A Flinders University researcher is changing the way we see and identify one of Australia’s most iconic animals. (Image Source: Cleland Wildlife Park)
By Rebecca Gaitaneris | @bec_gaitaneris
From unlocking a phone to solving a homicide, fingerprints are used in our everyday lives to differentiate between people.
Every human has a unique fingerprint that serves as a biometric identifier, that is, a measurement that can be used to distinguish between individuals.
But what physical characteristics distinguish koalas from each other?
New research conducted by Flinders University suggests that zoo and wildlife keepers are able to distinguish individual koalas based on the pigmentation pattern of a koala’s nostrils.
Honours graduate Claire Lawrance, and various Flinders University researchers, say their research may prove crucial in tracking koala populations in Australia’s bushfire-ravaged areas.
As a major component of her Honours research, Ms Lawrance distributed a survey to various koala keepers around Australia.
“My research indicated that the majority of koala keepers consider all koalas to be individually distinct,” she said.
“Most koala keepers select the nose region as the most individually distinctive region of a koalas face.”
More specifically, they attributed this to the markings and patterns of the koala’s nostrils. Ms Lawrance said this finding supported the results of a computer software program designed by her research supervisors.
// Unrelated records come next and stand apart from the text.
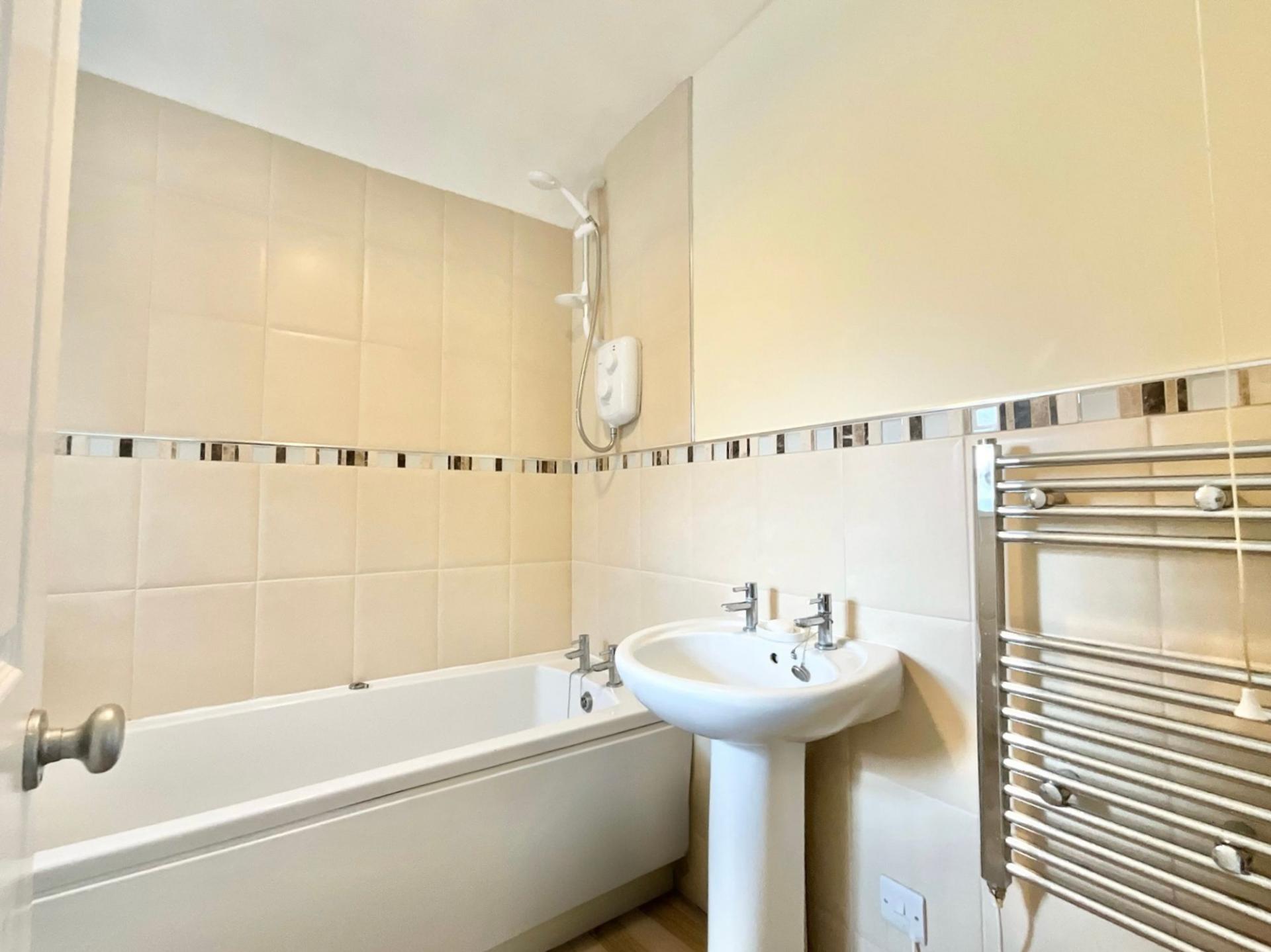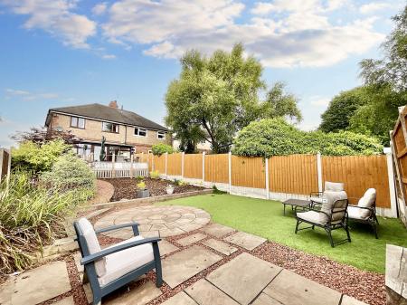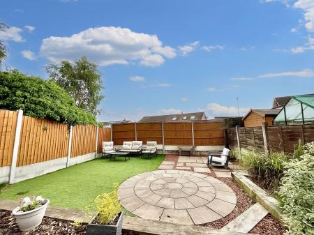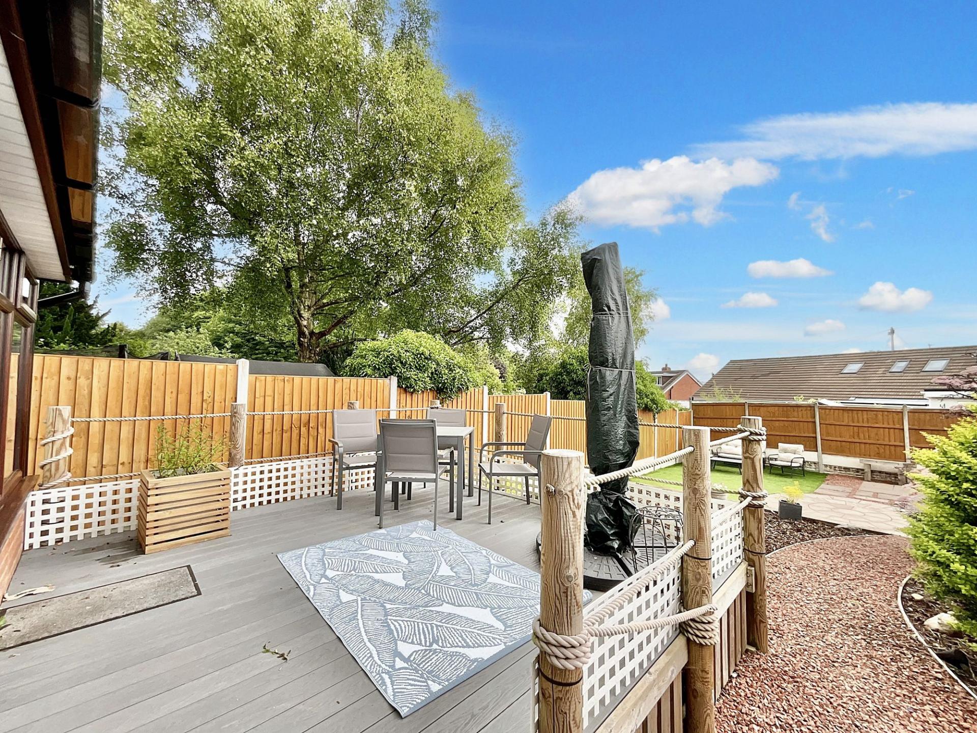 - A South East facing low maintenance rear garden offers a secluded outlook with decked seating area, mature beds and artificial grass.
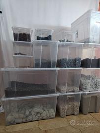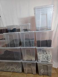 Grandi quantità di sabbie, ghiaie e sassolini, terricci e substrati tecnici, corteccia, legni, muschi stabilizzati.
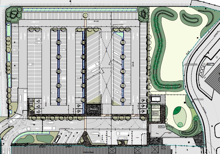– Gestion intelligente des eaux de pluie (noues, arbres à pluie, matériaux perméables),
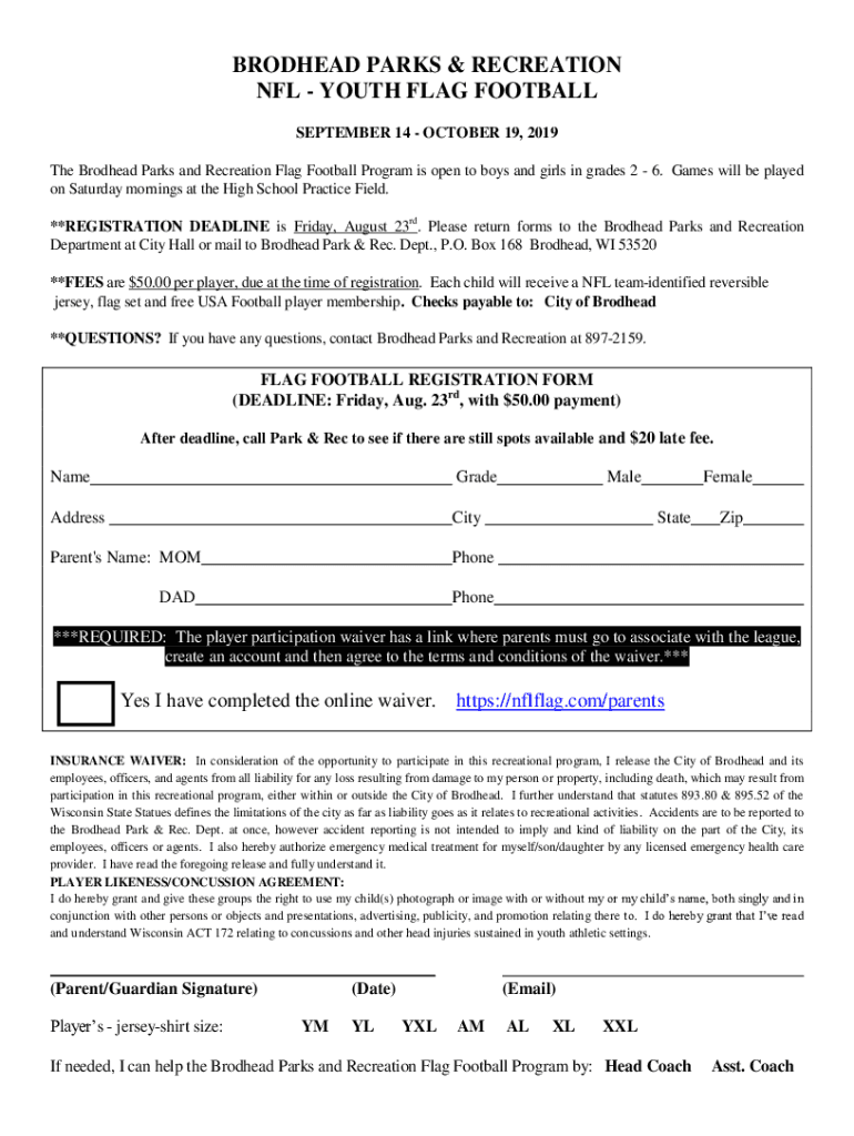 GODHEAD PARKS & RECREATION NFL YOUTH FLAG FOOTBALL SEPTEMBER 14 OCTOBER 19, 2019, The Godhead Parks and Recreation Flag Football Program is open to boys and girls in grades 2 6. Games will be played
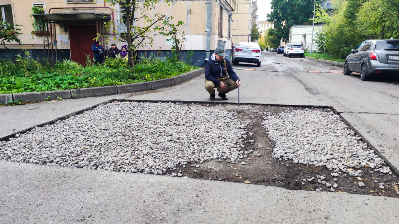 На снимке запечатлён специалист, проводящий осмотр участка дорожного покрытия, подготовленного под ремонт. В центре кадра — прямоугольный вырез в асфальте, заполненный щебнем. На фоне видны жилые дома и припаркованные автомобили. Фото отражает процесс контроля качества при проведении ремонтных работ и может использоваться для иллюстрации муниципальных проектов по благоустройству и ремонту внутридворовых проездов.
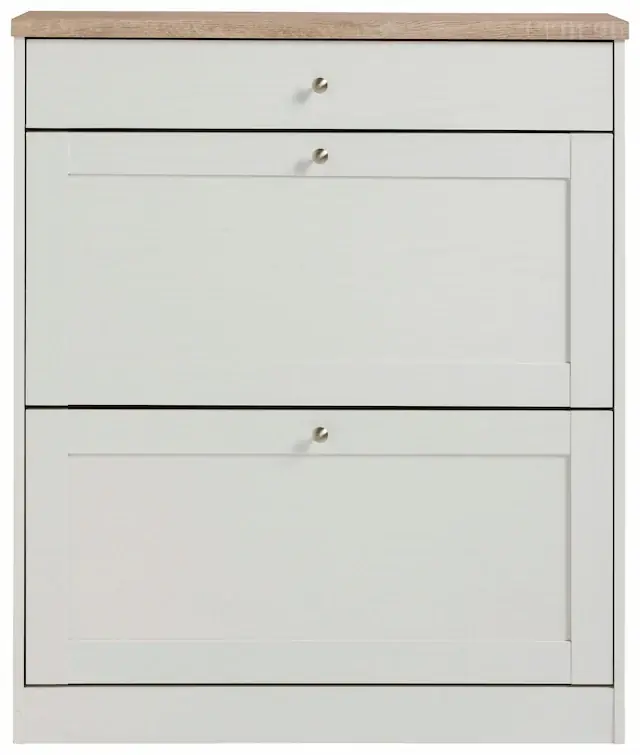 Maße (B/T/H): 90/25/103 cm. FSC®-zertifiziert. Mit 2 Klappen für ca. 12-16 Paar Schuhe. 1 Schubkasten
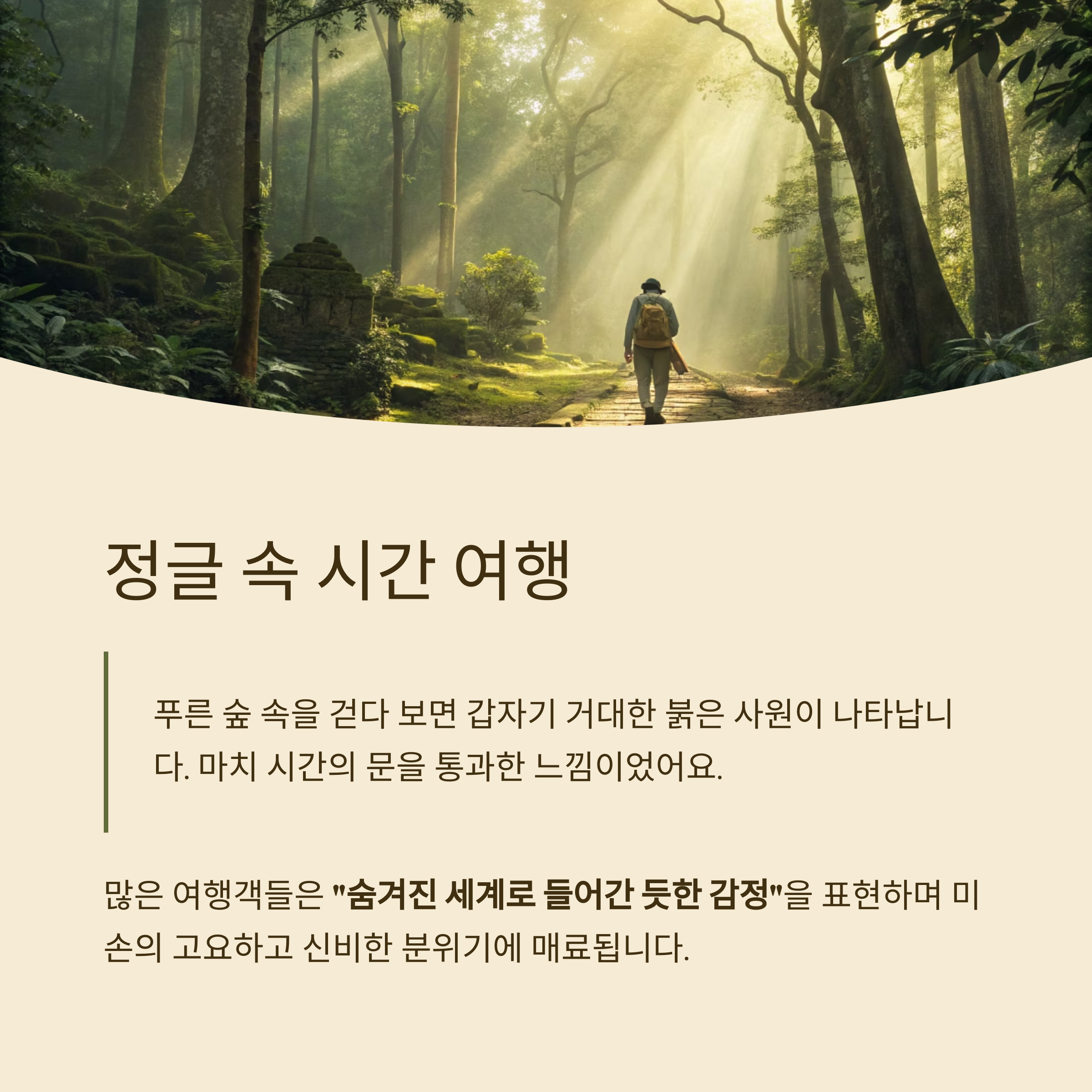 많은 여행객들은 **"숨겨진 세계로 들어간 듯한 감정"**을 표현하며
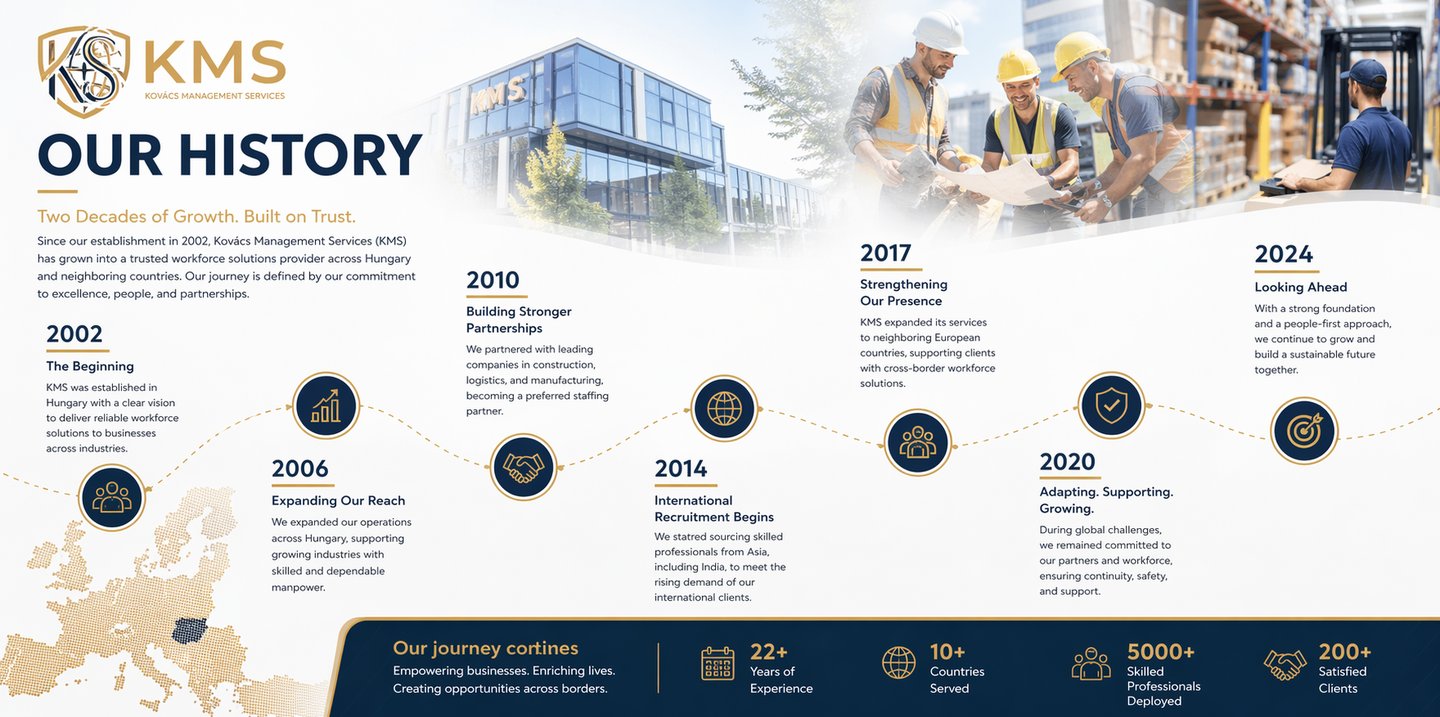 Kovács Management Services (KMS) established in 2002, is a Hungary-based workforce solutions provider, connecting skilled talent from Europe and Asia with leading industries across Hungary and neighbouring countries.
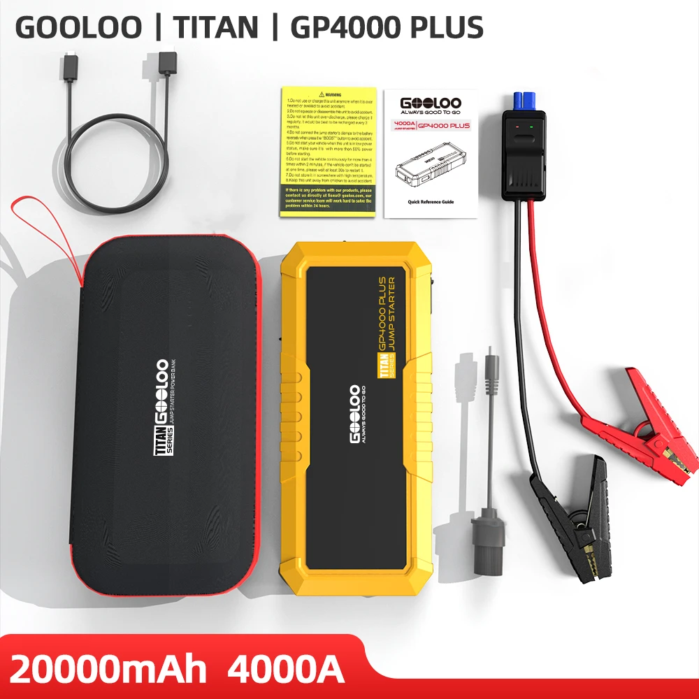 GOOLOO 4000A Start Power Bank 20000mAh Jump Starter Car Booster External Battery 12V Starting Device for Petrol Diesel Powerbank – AliExpress 34 – Color : GP4000 PLUS – Ships From : Poland

“They found that most key points used by the software program, to match photographs of the same individual koala, were around the nose of the koala faces,” Ms Lawrance said.
“As a result, we could statistically identify variables that affected the accuracy of the cross-correlation study between photographs of the same individual.”
According to Ms Lawrance, these findings provide an essential first step towards the development of a future non-invasive individual identification method for koalas.
“Ultimately, koala identification will be based on photographs of the ‘koala fingerprint’– their nostril patterns,” she said.
Ms Lawrance says the ability to recognise individual animals is extremely important in animal research.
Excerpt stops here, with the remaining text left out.